**Goal of the exercise**
Images should not appear in the copy, yet every line of the listing below must be printed exactly.
── Source data ──
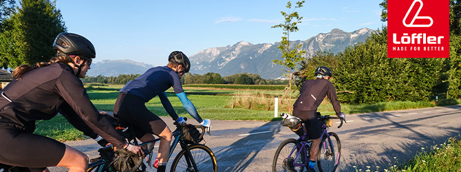 Mit einem Team aus drei Personen sind wir die 481 Kilometer und 7.882 Höhenmeter nachgefahren, die das neues Material transtex Shell zurücklegt, um bei Löffler in Ried im Innkreis zu einer fertigen Radjacke verarbeitet zu werden. Lisa, Nils und Oliver haben den Weg mit ihren Gravel-Bikes auf sich genommen. Begleitet werden sie auf ihrer Fahrt von einem Fotograf und einem Kameramann – ebenfalls per Rad.
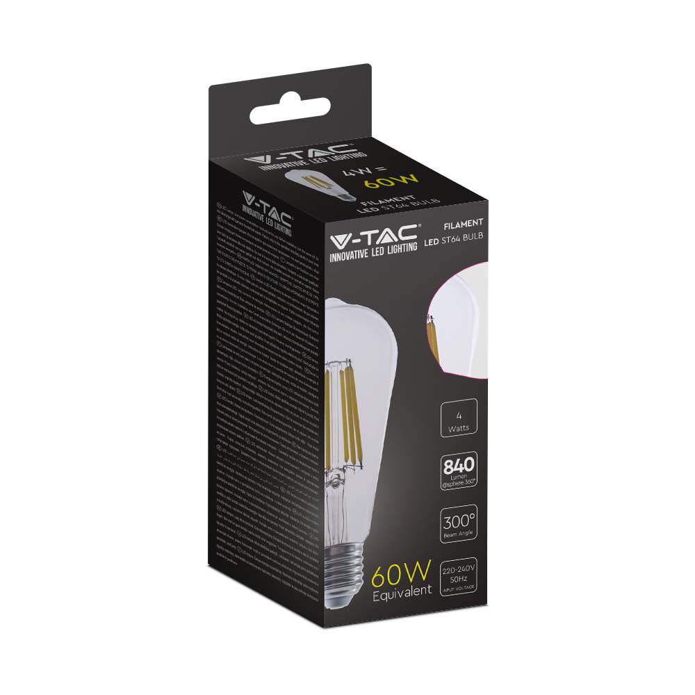 V-TAC LED Bulb ST64 E27 Holder IP20 Clear 4W 840 Lumens 3000K
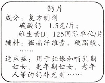 3. 不同年龄段的群体每天钙的适宜摄入量不同,哺乳期妇女每日推荐摄入量为1200mg。下图为某保健品说明书的一部分,请回答:
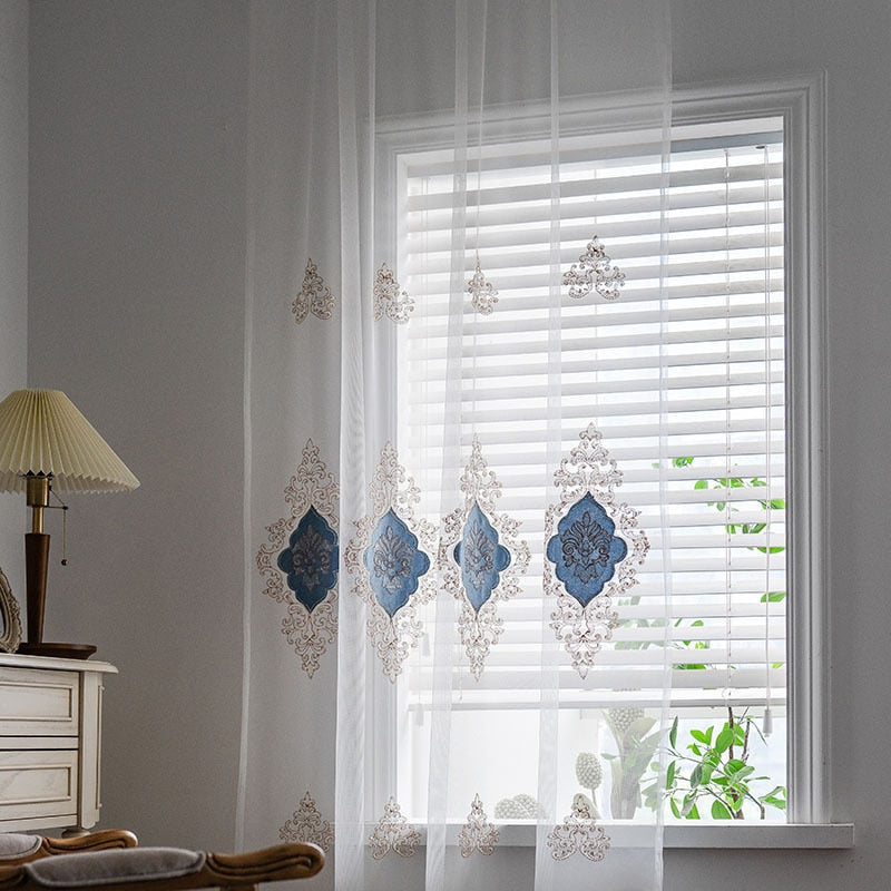 Denne gardinen er nøye designet for å kombinere funksjonalitet med utsøkt estetikk. Det lette, gjennomsiktige stoffet lar rikelig med naturlig lys strømme inn, samtidig som det gir et visst privatliv og en luftig følelse i rommet. De fremtredende barokkmotivene, brodert i en dyp, beroligende blåfarge og aksentert med glitrende gulltråder, skaper et slående visuelt fokuspunkt. Hvert motiv er utført med presisjon, noe som understreker håndverkets kvalitet og gardinens eksklusive karakter. Den vil uten tvil tiltrekke seg beundrende blikk og starte samtaler, og forvandle ethvert rom til et mer innbydende og stilig miljø.
───
**Task answer**
 Mit einem Team aus drei Personen sind wir die 481 Kilometer und 7.882 Höhenmeter nachgefahren, die das neues Material transtex Shell zurücklegt, um bei Löffler in Ried im Innkreis zu einer fertigen Radjacke verarbeitet zu werden. Lisa, Nils und Oliver haben den Weg mit ihren Gravel-Bikes auf sich genommen. Begleitet werden sie auf ihrer Fahrt von einem Fotograf und einem Kameramann – ebenfalls per Rad.
 V-TAC LED Bulb ST64 E27 Holder IP20 Clear 4W 840 Lumens 3000K
 3. 不同年龄段的群体每天钙的适宜摄入量不同,哺乳期妇女每日推荐摄入量为1200mg。下图为某保健品说明书的一部分,请回答:
 Denne gardinen er nøye designet for å kombinere funksjonalitet med utsøkt estetikk. Det lette, gjennomsiktige stoffet lar rikelig med naturlig lys strømme inn, samtidig som det gir et visst privatliv og en luftig følelse i rommet. De fremtredende barokkmotivene, brodert i en dyp, beroligende blåfarge og aksentert med glitrende gulltråder, skaper et slående visuelt fokuspunkt. Hvert motiv er utført med presisjon, noe som understreker håndverkets kvalitet og gardinens eksklusive karakter. Den vil uten tvil tiltrekke seg beundrende blikk og starte samtaler, og forvandle ethvert rom til et mer innbydende og stilig miljø.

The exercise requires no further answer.